Marketing has drastically changed over the last 20 years with the introduction of social media. Even if you were trained in marketing strategies years ago, chances are you are not familiar with the current platforms your customers are using. Short-term marketing strategies are important for immediate boosts in business, but they do not guarantee long-term growth or success on their own.
Short-Term vs. Long-Term Marketing
Short-term marketing strategies, according to Launch-Marketing, are “those that produce a temporary boost in business and traffic.” Examples include reduced pricing promotions, group offers, pay-per-click advertising, and tradeshows. Each of these will gain new customers by convincing those who are wavering or introducing your product to your target market. When starting a business or introducing a new product, short-term marketing is crucial.
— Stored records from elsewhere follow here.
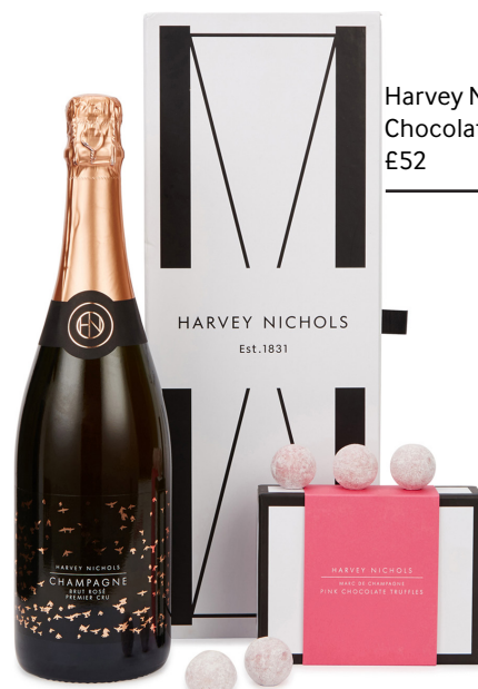
Harvey Nichols Brut Rosé & Pink Chocolate Truffles £52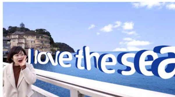
Subject speaks and cameraperson swipes finger (left) to instantly render 3D text in video (right)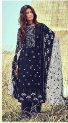
D.NO / 39006 ••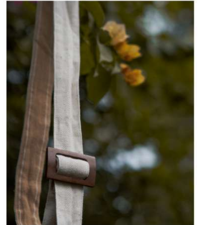
| Materiality Upcycled Reversible Belt | L/AC/BT03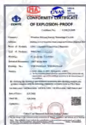
LNG DISPENSER EXPLOSION PROOF

Long-term marketing strategies, according to Launch-Marketing, “establish brand awareness and continue to produce results even years down the road.” These strategies include search engine optimization, public relations, publishing and promoting content, and social media. Long-term marketing takes longer, but it establishes brand awareness and keeps your product or service at the forefront of customers’ minds.
Which is Better?
If you’re wondering which marketing strategies in which you should invest most of your time and budget, there is no clear answer. Using only long-term marketing will miss opportunities for introducing your product to new customers, while short-term strategies focus so much on price it may make customers disloyal. You should have a balance between long and short-term marketing, but according to WARC, “52% of advertisers are confident their organization has the right balance between long-term brand-building and short-term performance marketing.” This is concerning, and most likely an attributing factor of failing businesses. A perfect balance of long and short-term marketing will directly affect your organization’s financial performance.
Marketing and Budget
In order to continue to grow your business, you will need both types of marketing strategies as well as a pre-planned budget. According to Nick Mangiapane, chief marketing officer of Commerce Signals, “[m]ost marketers try to reserve at least 10% of their budget for testing and learning.” This means you need to reserve money for trial and error specifically for marketing strategies, both long and short-term.
If you want to know how your marketing decisions are affecting your finances, keep track of your strategies and the direct outcomes. Dedicate time and money to this process, and you will start to see results. Once you have those results, you can adjust accordingly.